After the device_dict is specified, it adds the hold time to it.

The next step is to strip and split the capabilities into a list and add to the device_dict variable. The parser will then continue to the next line of the output.

Once all lines are parsed, it will return the parsed_output to the user as long as it passes schema validation.

I believe this can be easier to understand than something like TextFSM since it’s written in Python and Python is a popular language among network automation engineers.

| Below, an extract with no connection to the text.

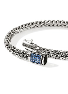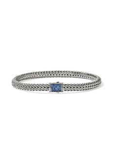 Intricately handwoven in sterling silver, this bracelet by John Hardy is finished with a clasp illuminated by brilliant blue sapphires. The extra-slim silhouette offers versatility—wear it stacked for a layered statement or alone for a subtle pop of modern elegance.

Let’s move on and review the topology again.

The Topology.. Again

Below is a picture of the lab topology we’re using to validate LLDP neighbors. It’s a simple topology with three Cisco IOS routers connected together and have LLDP enabled.

Ansible Setup.. Again

We’ve already covered most of the Ansible setup in part 2, but we’ll explain the small changes we have to make to use the Genie parsers within Ansible.

Here is a look at a host var we’ve defined as a refresher since there are no changes here.

---
approved_neighbors:
  - local_intf: "Gi0/0"
    neighbor: "iosv-1"
  - local_intf: "Gi0/1"
    neighbor: "iosv-2"

Now let’s take a look at the changes in pb.validate.neighbors.yml.

---
- hosts: "ios"
  connection: "ansible.netcommon.network_cli"
  gather_facts: "no"

  tasks:
    - name: "PARSE LLDP INFO INTO STRUCTURED DATA"
      ansible.netcommon.cli_parse:
        command: "show lldp neighbors"
        parser:
          name: ansible.netcommon.pyats
        set_fact: "lldp_neighbors"

    - name: "MANIPULATE THE DATA TO BE IN THE SAME FORMAT AS TEXTFSM TO PREVENT CHANGING FINAL ASSERTION TASK"
      set_fact:
        lldp_neighbors: "{{ lldp_neighbors | convert_data }}"

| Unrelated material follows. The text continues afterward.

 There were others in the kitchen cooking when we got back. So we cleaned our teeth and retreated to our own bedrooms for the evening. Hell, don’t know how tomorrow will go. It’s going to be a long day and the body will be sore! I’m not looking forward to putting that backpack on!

    - name: "ASSERT THE CORRECT NEIGHBORS ARE SEEN"
      assert:
        that:
          - "lldp_neighbors | selectattr('local_interface', 'equalto', item['local_intf']) | map(attribute='neighbor') | first == item['neighbor']"
      loop: "{{ approved_neighbors }}"

Using the ansible.netcommon.pyats parser requires genie and pyats to be installed via pip install genie pyats.

There are a few things to dissect with the playbook. First, we changed the parser to ansible.netcommon.pyats. Second, we added another task to manipulate the data we get back from the parser, into a similar format as the second blog post in this series so we don’t have to change the last task. I did the conversion within a custom filter plugin due to the structure of the data and the ease of handling this within Python. You will see the output below once we run our playbook.

Playbook Output

Let’s go ahead and run the playbook and see what output we get.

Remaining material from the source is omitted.